MLB analysts believe the Mets hung reliever Jorge López “out to dry” by making him a scapegoat for the team’s current struggles.

López may have been misquoted due to his inability to communicate properly in English.

The beleaguered reliever was trying to say he was the worst teammate in the world but was quoted as if he was speaking about his teammates. The Mets should have insisted he speak with an interpreter present.

Wander Franco will remain on mandatory leave of absence through at least July 14 according to league officials.

MLB insider Ken Rosenthal said Marlins starting pitcher Jesús Luzardo is a virtual lock to be traded between now and July 30. Rosenthal also named Mets first baseman Pete Alonso as a player to watch as the deadline approaches.

The Giants and Braves are the likeliest suitors for Luzardo.

The last pitcher to enter the 300-win club was lanky lefty Randy Johnson, but membership might be closed. Usage analytics will probably prevent starters from reaching that mark again. Justin Verlander is the active leader with 260 wins. He’s followed by Zack Greinke (225), Max Scherzer (214), and Clayton Kershaw (210).

Thursday’s Three Stars

  1. Ryan Jeffers – Two jacks and three RBI for the Twins DH in a 7-6 win over the Royals.
  2. José Siri – The Tampa Bay centerfielder hit two solo home runs, including one off of Mason Miller in the Rays’ 6-5 win over the A’s.

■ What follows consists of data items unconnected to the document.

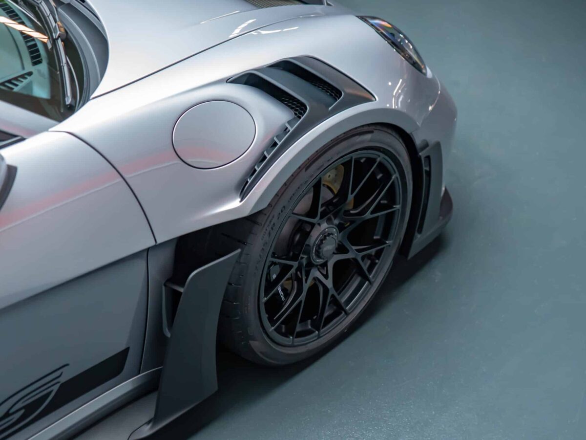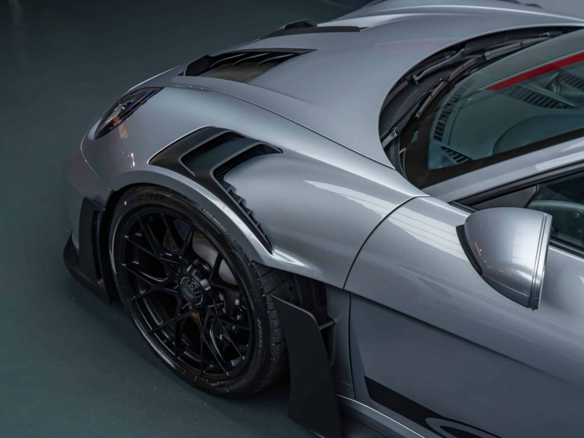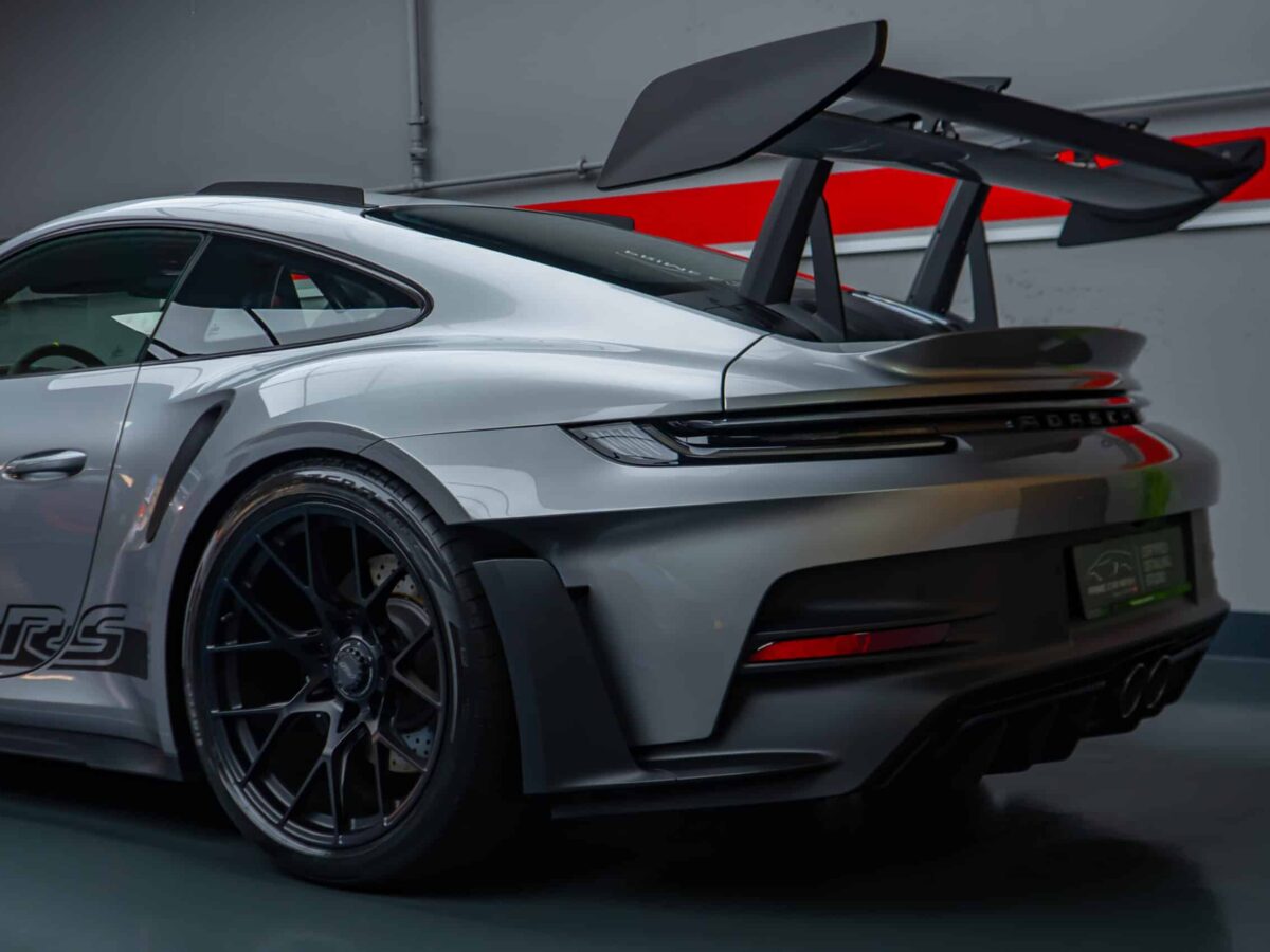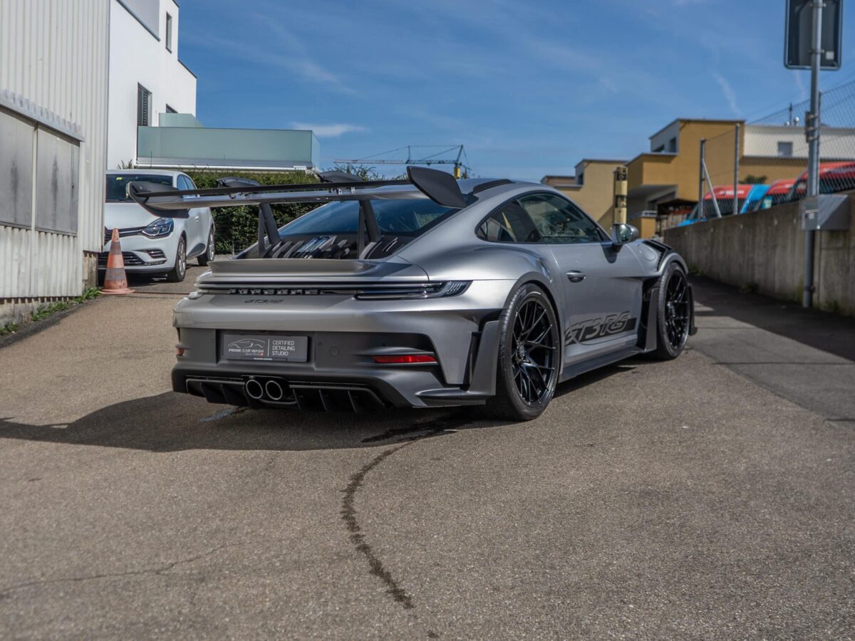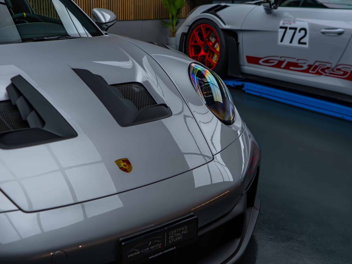 On this Beautiful Porsche 992 GT3 RS in GT-Silver, the bumper, fenders, hood and side mirrors were protected with XPEL Ultimate Plus film. Unlike conventional paint protection films with a thickness of 120-150 µ, the Xpel Ultimate Plus with a thickness of 200 µ offers maximum impact and abrasion resistance. It is completely transparent and virtually invisible.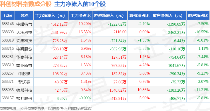 资金流向方面,科创材料(000689)指数成份股当日主力资金净流出合计10.48亿元,游资资金净流入合计5.41亿元,散户资金净流入合计5.07亿元。成份股资金流向详情见下表:
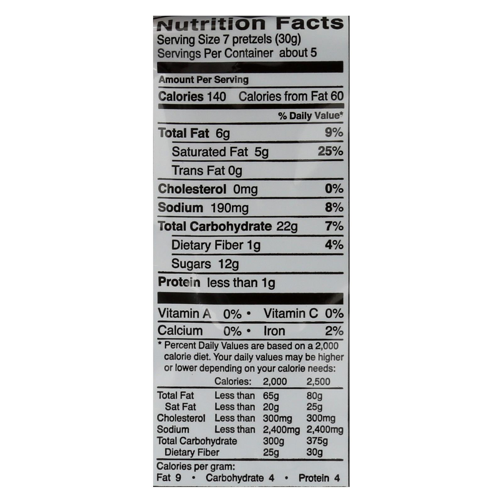 - Each pouch contains 5.5 oz of chocolate-covered pretzels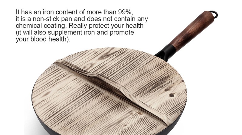 Porque tem um teor de ferro de mais de 99%, é uma panela antiaderente e não contém nenhum revestimento químico. Realmente proteja sua saúde (também complementará o ferro e promoverá sua saúde sanguínea).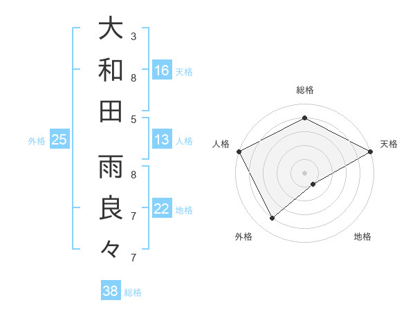 大和田 雨良々さんを姓名の画数から五運を鑑定

Richard Lovelady earned the win, by the way.
  3. Francisco Lindor – Baseball’s most overpaid player went 4-for-4 with a dinger after calling a team meeting to address the slumping Mets’ offense. Perhaps he and his teammates should do a morning Starbucks run on the daily.

Extra Innings

The I-Cubs may be more fun to watch than their MLB counterparts. That is one mammoth blast by Alexander Canario.

They Said It

  • “We’re not getting wins right now, but I feel like they’re going to come. It’s going to turn. There’s too much talent in here not to. [We] have too many professionals, guys who are just locked in every day, so it’s going to happen. We’ll just stick together and figure it out.”Jameson Taillon
  • “We’ve just got to keep going. When you’re in a tough stretch, it feels like you don’t get breaks. We’ve got to make our own breaks.” – Counsell
  • “[Pete’s] role is to help us win. When he plays, he’s obviously going to play center field. The result is we’ll see Cody maybe at some different positions at times, but we’ll just kind of mix and match and see how that goes. We’re gonna have some choices every day in the lineup. Fun for the fans. Fun for [the media]. There’s gonna be days when he doesn’t play. We obviously brought Pete up to be a part of this and I think it gives us some more choices throughout the game, but I expect that to evolve and hopefully, we get a good solution out of it.” – Counsell

Friday Walk-Up Song

Friday feels courtesy of this fantastic cover by John Mellencamp. This video reminds me of the car wash scene from the movie Cool Hand Luke.

Fun fact: Mellencamp uses the line “Calling it your job ol’ Hoss sure don’t make it right,” from Cool Hand Luke in his song Rain on the Scarecrow.